*** DATA SHOWN Section Begins ***
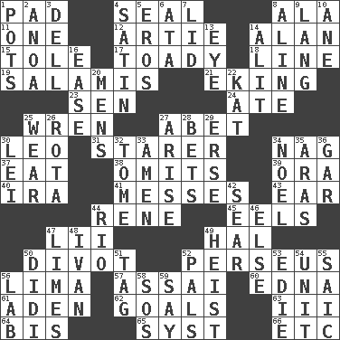 ACROSS 1. Writing tablet 4. Lick closed 8. Wing 11. Single 12. Nick name for Arthur 14. Actor Alda or Thicke 15. Lacquered or enameled metalware 17. Sycophant 18. Actor's bit 19. Deli grouping 21. Supplementing with great effort 23. Elected rep. 24. Had dinner 25. Songbird 27. Collude with 30. Lion 31. A viewer who gazes fixedly 34. Tired old horse 37. Consume 38. Leaves out 39. Mouth or opening 40. Retirement account (abbr.) 41. Makes clutter 43. Hearing organ 44. French philosopher Descartes 45. Snakelike fish 47. Cards in a Roman deck? 49. Actor Linden 50. A piece of turf (Scot.) 52. Son of Zeus who helped slay Medusa 56. Pale green bean 57. Slender Brazilian palm 60. Pulitzer Prize-winning author Ferber 61. Arabian gulf 62. Scores awarded for successful feats 63. One more than two 64. Twice 65. System (abbr.) 66. And so on (abbr.) DOWN 1. Cooking vessels 2. Small Philippine buffalo 3. Small valley 4. Smooth fabric 5. Greek god of love 6. _ moment's notice (2 wds.) 7. Flaplike covering 8. Place in a line 9. Austrian-born American filmmaker Fritz 10. One (Scot) 13. Sight organ 14. Set down 16. Relaxation 20. Not women's 22. Krazy ___ of comics 25. Erode 26. Roll call or roster of names 27. Get up 28. Wagers 29. Celtic language 30. Luau accessory 32. Heavy book 33. So be it 34. Christmas carol 35. Ancient river in northeast Turkey 36. Slender fish 42. Dry up 44. River (Sp.) 46. Otherwise 47. Citrus fruits 48. _ the terrible 49. Robbery 50. "You Light Up My Life" star Conn 51. Label 52. Friends 53. Singer Brickell 54. A single undivided whole 55. Ketch in the Levant 56. Experiment locale 58. Distress signal 59. Declare
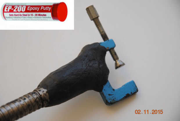 Decidí usar masilla de Epoxy para ayudar a fortalecer la conexión entre la abrazadera y el brazo flexible.
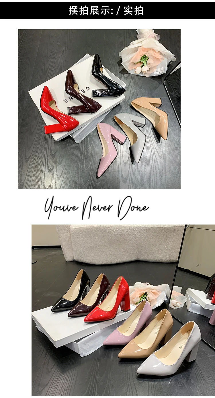 Aphixta 3.94Inch Chunky Heels Pumps Women Shoes Wine Red Patent Leather Sexy Party Official Leisure Plus Szie 33-46
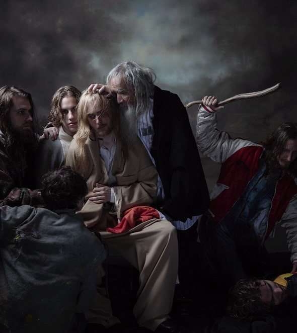 2026年春夏コレクション発表を兼ねた展示。モチーフは、宗教画における代表的なテーマ「ユダの裏切り(キリストの捕縛)」だ。アメリカ建国の1776年から現代2025年までの服飾をもとにコレクションを制作し、すべての時代を融合したスタイリングで構成。宗教絵画の構図を忠実に再現しながら、新しいビジュアル表現として写真に落とし込んだ。
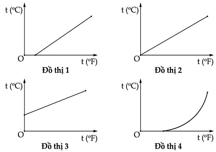 Câu 13 [759288]: Phương trình nào sau đây biểu diễn đúng mối liên hệ giữa nhiệt độ đọc được tương ứng trên các nhiệt kế Celsius và nhiệt kế Fahrenheit
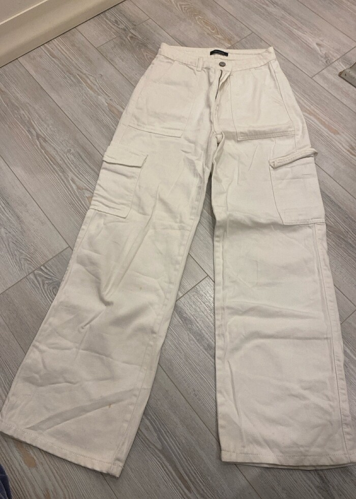 Beyaz kargo cepli jean
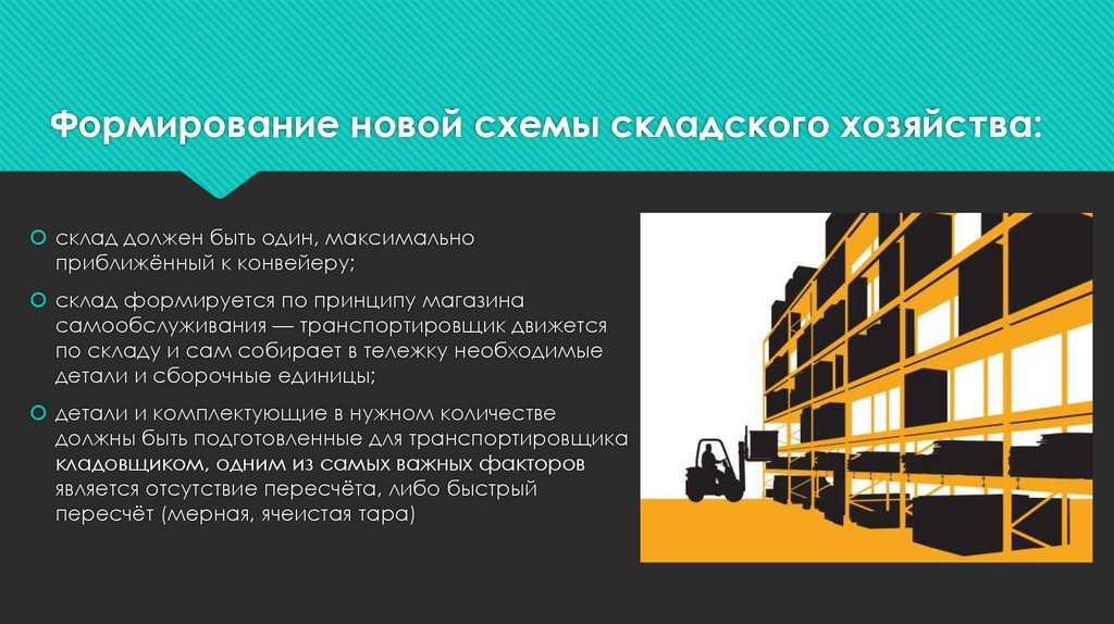 Формирование новой схемы складского хозяйства:склад должен быть один, максимально
*** DATA SHOWN Section Ends ***
THE PROBLEM: Your copy should match the entries above exactly and contain no pictures.

WORKED SOLUTION:
 ACROSS 1. Writing tablet 4. Lick closed 8. Wing 11. Single 12. Nick name for Arthur 14. Actor Alda or Thicke 15. Lacquered or enameled metalware 17. Sycophant 18. Actor's bit 19. Deli grouping 21. Supplementing with great effort 23. Elected rep. 24. Had dinner 25. Songbird 27. Collude with 30. Lion 31. A viewer who gazes fixedly 34. Tired old horse 37. Consume 38. Leaves out 39. Mouth or opening 40. Retirement account (abbr.) 41. Makes clutter 43. Hearing organ 44. French philosopher Descartes 45. Snakelike fish 47. Cards in a Roman deck? 49. Actor Linden 50. A piece of turf (Scot.) 52. Son of Zeus who helped slay Medusa 56. Pale green bean 57. Slender Brazilian palm 60. Pulitzer Prize-winning author Ferber 61. Arabian gulf 62. Scores awarded for successful feats 63. One more than two 64. Twice 65. System (abbr.) 66. And so on (abbr.) DOWN 1. Cooking vessels 2. Small Philippine buffalo 3. Small valley 4. Smooth fabric 5. Greek god of love 6. _ moment's notice (2 wds.) 7. Flaplike covering 8. Place in a line 9. Austrian-born American filmmaker Fritz 10. One (Scot) 13. Sight organ 14. Set down 16. Relaxation 20. Not women's 22. Krazy ___ of comics 25. Erode 26. Roll call or roster of names 27. Get up 28. Wagers 29. Celtic language 30. Luau accessory 32. Heavy book 33. So be it 34. Christmas carol 35. Ancient river in northeast Turkey 36. Slender fish 42. Dry up 44. River (Sp.) 46. Otherwise 47. Citrus fruits 48. _ the terrible 49. Robbery 50. "You Light Up My Life" star Conn 51. Label 52. Friends 53. Singer Brickell 54. A single undivided whole 55. Ketch in the Levant 56. Experiment locale 58. Distress signal 59. Declare
 Decidí usar masilla de Epoxy para ayudar a fortalecer la conexión entre la abrazadera y el brazo flexible.
 Aphixta 3.94Inch Chunky Heels Pumps Women Shoes Wine Red Patent Leather Sexy Party Official Leisure Plus Szie 33-46
 2026年春夏コレクション発表を兼ねた展示。モチーフは、宗教画における代表的なテーマ「ユダの裏切り(キリストの捕縛)」だ。アメリカ建国の1776年から現代2025年までの服飾をもとにコレクションを制作し、すべての時代を融合したスタイリングで構成。宗教絵画の構図を忠実に再現しながら、新しいビジュアル表現として写真に落とし込んだ。
 Câu 13 [759288]: Phương trình nào sau đây biểu diễn đúng mối liên hệ giữa nhiệt độ đọc được tương ứng trên các nhiệt kế Celsius và nhiệt kế Fahrenheit
 Beyaz kargo cepli jean
 Формирование новой схемы складского хозяйства:склад должен быть один, максимально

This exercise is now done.